Rivalitas merupakan sesuatu hal yang jamak terjadi dalam berbagai konteks peristiwa. Mulai dari rivalitas antar individu hingga rivalitas antar kelompok atau organisasi.
Dulu, pada saat pilpres 2019 berlangsung Pak Jokowi dan Pak Prabowo terlibat persaingan cukup panas.
Di dalam dunia olahraga, rivalitas pun kerapkali terjadi di antara para atlet seperti Lionel Messi dengan Cristiano Ronaldo, Michael Jordan dengan Magic Johnson, Roger Federer dan Rafael Nadal, dan masih banyak lagi yang lainnya.
Dalam lingkup kelompok atau organisasi kita bisa melihat rivalitas Real Madrid dengan FC Barcelona terlibat persaingan yang mendarah daging sampai sekarang.
Pepsi masih dengan setia menjadi rival abadi Coca-Cola dalam bisnis minuman karbonasi. Djarum dan Gudang Garam juga masih menjadi rival berat dalam industri rokok dalam negeri. Partai Demokrat dengan PDIP.
Dalam "pemahaman" rivalitas, kerapkali ada hukum tak tertulis yang menyatakan bahwa tatkala ada seseorang yang membelot dari keberpihakan atau dukungan terhadap salah satu pihak menuju pihak yang lain maka hal itu akan dinilai sebagai tindakan yang melanggar "norma".
Seseorang yang menyeberang dari sebuah kubu menuju kubu seberang akan dianggap sebagai pengkhianat.
Kita mungkin pernah menyaksikan betapa besarnya kehebohan yang terjadi tatkala pemain sepak bola Luis Figo berpindah dari FC Barcelona ke Real Madrid.

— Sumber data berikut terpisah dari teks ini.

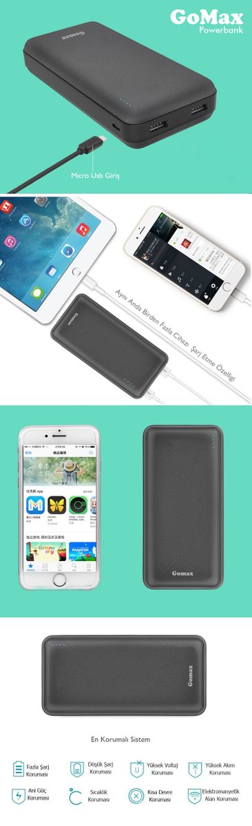 Satıcı: Elektronik MarketGOMAX POWERBANK 20000 MAH GERÇEK KAPASİTE HARİCİ BATARYA-2 GİRİŞLİ

Atau mungkin kita bisa melihat seperti apa penilaian publik saat mengetahui Ruhut Sitompul yang dulunya adalah loyalis setia Pak SBY dan Partai Demokrat, kini berubah haluan menjadi pendukung Partai Banteng Moncong Putih.
Keputusan yang diambil oleh mereka yang melintasi batas rivalitas memang sangat berpotensi disebut sebagai tindakan tidak populer dan rawan menerima penolakan.
Meski tindakan tersebut sejatinya sudah dipertimbangkan oleh yang bersangkutan perihal konsekuensinya, tetapi tidak setiap orang akan memaklumi tindakan mereka itu.